What is expected | Leaving out all pictures, return the records word for word.

*** Supplied data ***

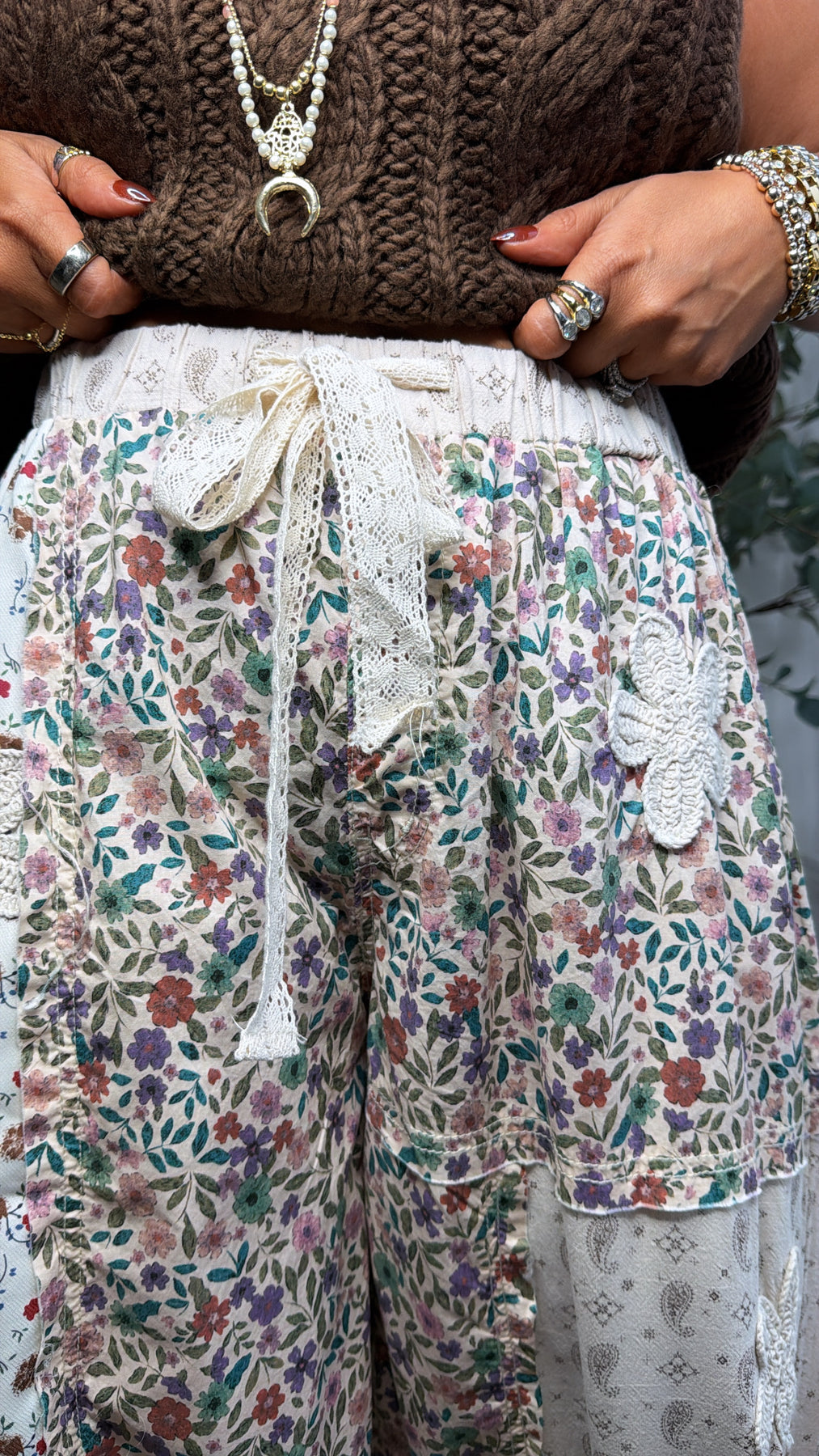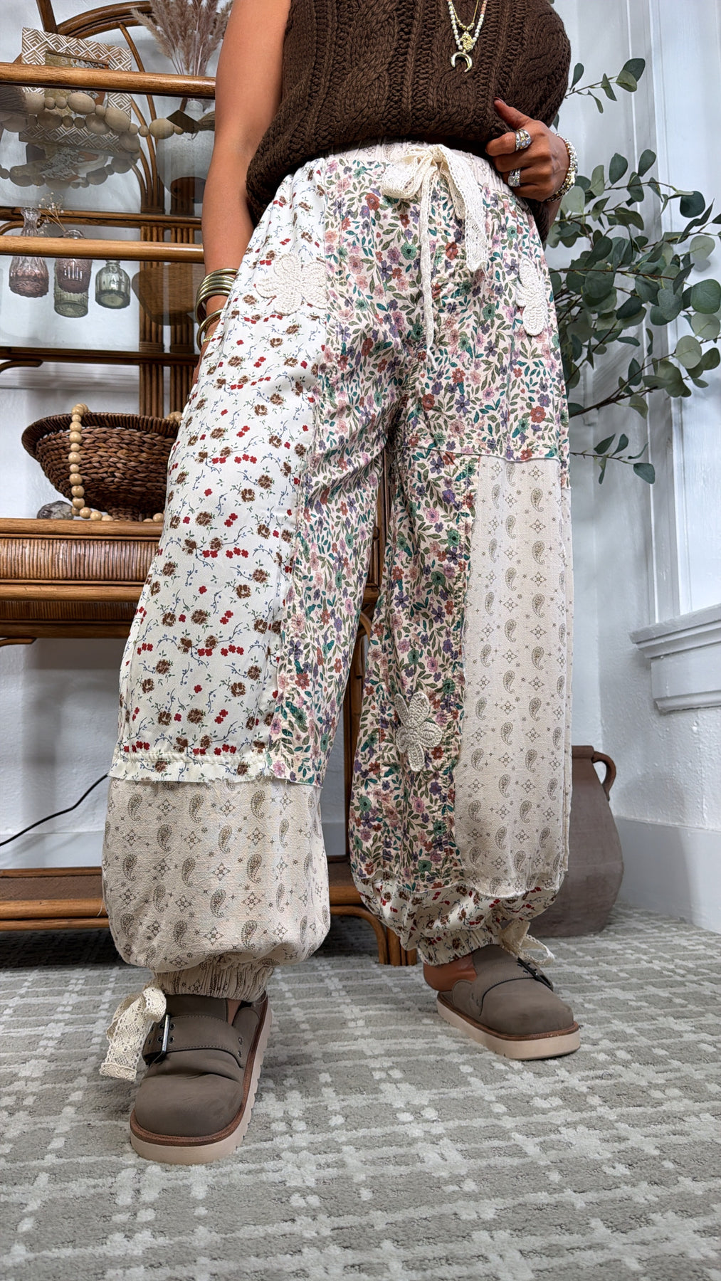 These dreamy patchwork joggers are giving effortless boho vibes with a perfectly lived-in look. Designed with mixed vintage inspired prints, crochet floral appliqués, and delicate lace trim, they’re an artful mix of textures that feels one-of-a-kind. The relaxed fit, elastic cuffs, and lace drawstring waist make them as comfortable as they are unique, perfect for styling with a simple tank, a cropped denim jacket, or even a cozy sweater when the weather turns cool.
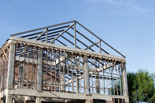 Structure of house wait for complete builidng with blue sky background
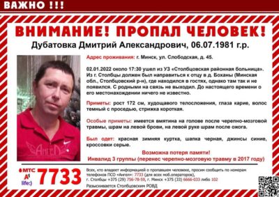 41-летний житель Минска – Дубатовка Дмитрий. С просьбой разыскать мужчину (он инвалид ІІІ группы) к нам обратилась знакомые семьи. По их словам, пропавшего видели последний раз 2 января этого года в Столбцовском районе. Туда он вместе с отцом приехал к родственникам. В какой-то момент младшему мужчине стало плохо – его… Подробнее »»
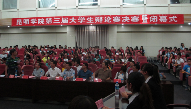 5月15日晚,由校团委主办、校学生会承办的昆明学院第三届大学生辩论赛决赛暨闭幕式在惟行楼1501报告厅举行。学校副校长刘海发,团委书记何昊宸,党委宣传部副部长王宁,党委组织部副部长钱海鼎,学生处副处长侯青妮,招就处副处长吴晓柏,以及来自各院系的师生代表共260余人观看了本场决赛。本场决赛邀请到了云南大学教授、硕士生导师张宇丹,著名文化学者、资深媒体人蔡立,昆明天外有天文化传媒董事长王道平,昆明学院思政部副教授苟园、余太星等五位老师担任评委。
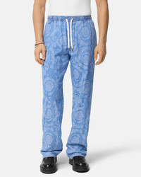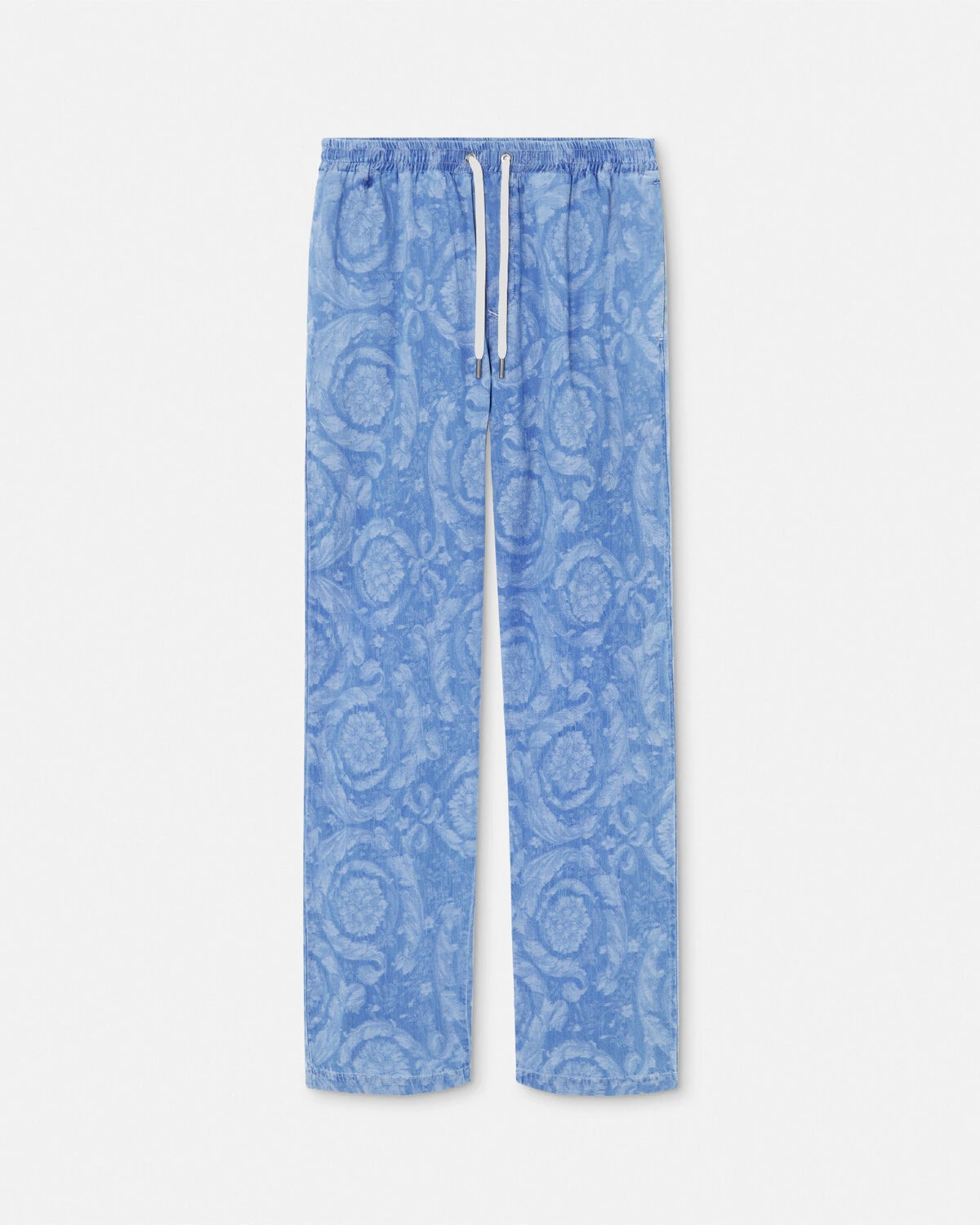 DETAILS Tapered drawstring pants in lightweight denim chambray featuring a jacquard Barocco pattern. - Barocco pattern - Side pockets - Back welt pocket - Elastic drawstring waistband - Outer composition: 100% Cotton - Lining: 65% Polyester, 35% Cotton Item: 1010715-1A11101_1D380 SIZE & FIT - The model is 6'1" tall and wears size 48 IT
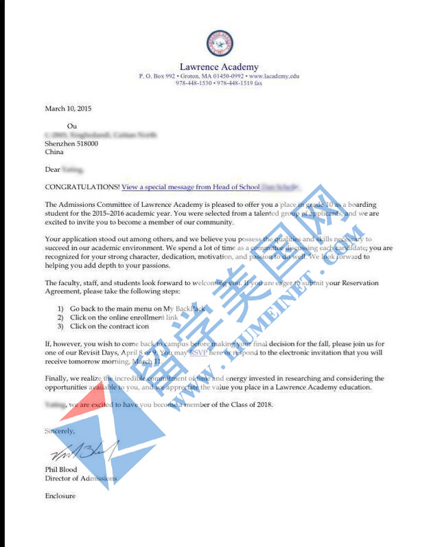 恭喜欧同学获劳伦斯中学取!
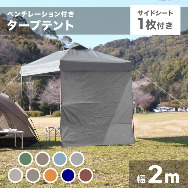 タープテント 2m×2m ワンタッチ テント サイドシート付き ベンチレーション タープ 日除け 撥水 耐水圧 1200mm 頑丈 紫外線防止 UVカット ワンタッチテント ワンタッチタープ UV加工 簡単 大型 軽量 日よけテント アウトドア キャンプ 海 BBQ 送料無料 MERMONT WEIMALL
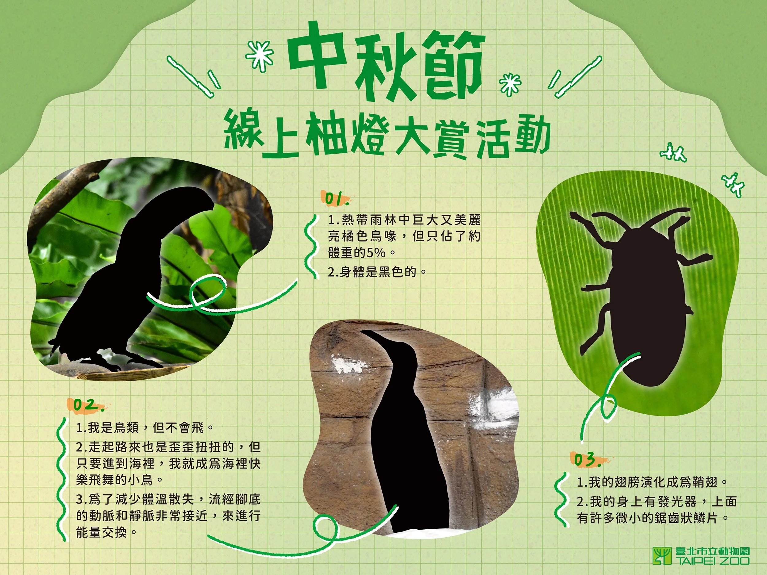 說到互動,就來看看臺北市立動物園中秋節極富趣味性的宣傳活動。與工研院合作,為了推廣節能教育,特別舉辦了「中秋節線上柚燈大賞活動」。根據動物園粉絲頁的線索,將題目所描述的物種擇一刻在柚子上製作成柚燈,再將柚燈拍照上傳到官方粉絲頁,就有機會抽中限量精美禮品。喜愛分享是大部分人的天性,尤其是類似像這樣遊戲類型的貼文,能更刺激大家參與活動,進而達到宣傳效益。
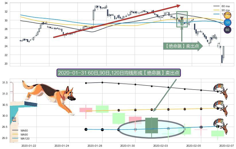形态多维评估: ⚀ 2020-01-31日显现 60日-90日-120日均线 【绝命跳】卖出点 看空信号,后市看跌,卖出
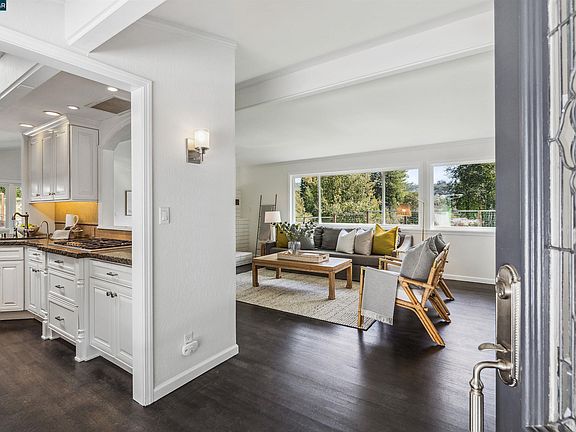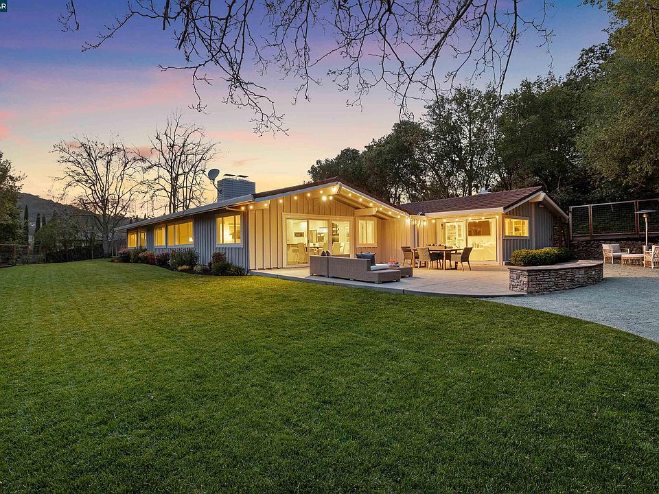 Situated in the sought-after Glorietta neighborhood of Orinda, this delightful single-story rancher is oozing with charm. As you enter the home, your gaze is immediately drawn to the expansive outdoor space, framed by majestic, mature trees. The open floor plan presents a beautifully equipped kitchen that effortlessly transitions into the dining area and living room, complete with vaulted ceilings, a warm fireplace, and an ideal spot for a desk or comfortable seating for people to gather. Sliding doors open to the outdoor patio, enlarging your living space & making indoor/outdoor entertaining a breeze. Ideally situated adjacent to the dining room is a versatile bonus room, providing the perfect retreat for various activities such as a playroom, TV room, or even a spot for homework (and perhaps a few video games!). The show stopper of this home is the sprawling .94-acre outdoor oasis with a patio and a huge flat grassy area, ideal for outdoor play and relaxation. Privately tucked away yet conveniently close to all amenities, this home is a rare find in one of Orinda's most beloved neighborhoods.

***

Exercise response |
 These dreamy patchwork joggers are giving effortless boho vibes with a perfectly lived-in look. Designed with mixed vintage inspired prints, crochet floral appliqués, and delicate lace trim, they’re an artful mix of textures that feels one-of-a-kind. The relaxed fit, elastic cuffs, and lace drawstring waist make them as comfortable as they are unique, perfect for styling with a simple tank, a cropped denim jacket, or even a cozy sweater when the weather turns cool.
 Structure of house wait for complete builidng with blue sky background
 41-летний житель Минска – Дубатовка Дмитрий. С просьбой разыскать мужчину (он инвалид ІІІ группы) к нам обратилась знакомые семьи. По их словам, пропавшего видели последний раз 2 января этого года в Столбцовском районе. Туда он вместе с отцом приехал к родственникам. В какой-то момент младшему мужчине стало плохо – его… Подробнее »»
 5月15日晚,由校团委主办、校学生会承办的昆明学院第三届大学生辩论赛决赛暨闭幕式在惟行楼1501报告厅举行。学校副校长刘海发,团委书记何昊宸,党委宣传部副部长王宁,党委组织部副部长钱海鼎,学生处副处长侯青妮,招就处副处长吴晓柏,以及来自各院系的师生代表共260余人观看了本场决赛。本场决赛邀请到了云南大学教授、硕士生导师张宇丹,著名文化学者、资深媒体人蔡立,昆明天外有天文化传媒董事长王道平,昆明学院思政部副教授苟园、余太星等五位老师担任评委。
 DETAILS Tapered drawstring pants in lightweight denim chambray featuring a jacquard Barocco pattern. - Barocco pattern - Side pockets - Back welt pocket - Elastic drawstring waistband - Outer composition: 100% Cotton - Lining: 65% Polyester, 35% Cotton Item: 1010715-1A11101_1D380 SIZE & FIT - The model is 6'1" tall and wears size 48 IT
 恭喜欧同学获劳伦斯中学取!
 タープテント 2m×2m ワンタッチ テント サイドシート付き ベンチレーション タープ 日除け 撥水 耐水圧 1200mm 頑丈 紫外線防止 UVカット ワンタッチテント ワンタッチタープ UV加工 簡単 大型 軽量 日よけテント アウトドア キャンプ 海 BBQ 送料無料 MERMONT WEIMALL
 說到互動,就來看看臺北市立動物園中秋節極富趣味性的宣傳活動。與工研院合作,為了推廣節能教育,特別舉辦了「中秋節線上柚燈大賞活動」。根據動物園粉絲頁的線索,將題目所描述的物種擇一刻在柚子上製作成柚燈,再將柚燈拍照上傳到官方粉絲頁,就有機會抽中限量精美禮品。喜愛分享是大部分人的天性,尤其是類似像這樣遊戲類型的貼文,能更刺激大家參與活動,進而達到宣傳效益。
形态多维评估: ⚀ 2020-01-31日显现 60日-90日-120日均线 【绝命跳】卖出点 看空信号,后市看跌,卖出
 Situated in the sought-after Glorietta neighborhood of Orinda, this delightful single-story rancher is oozing with charm. As you enter the home, your gaze is immediately drawn to the expansive outdoor space, framed by majestic, mature trees. The open floor plan presents a beautifully equipped kitchen that effortlessly transitions into the dining area and living room, complete with vaulted ceilings, a warm fireplace, and an ideal spot for a desk or comfortable seating for people to gather. Sliding doors open to the outdoor patio, enlarging your living space & making indoor/outdoor entertaining a breeze. Ideally situated adjacent to the dining room is a versatile bonus room, providing the perfect retreat for various activities such as a playroom, TV room, or even a spot for homework (and perhaps a few video games!). The show stopper of this home is the sprawling .94-acre outdoor oasis with a patio and a huge flat grassy area, ideal for outdoor play and relaxation. Privately tucked away yet conveniently close to all amenities, this home is a rare find in one of Orinda's most beloved neighborhoods.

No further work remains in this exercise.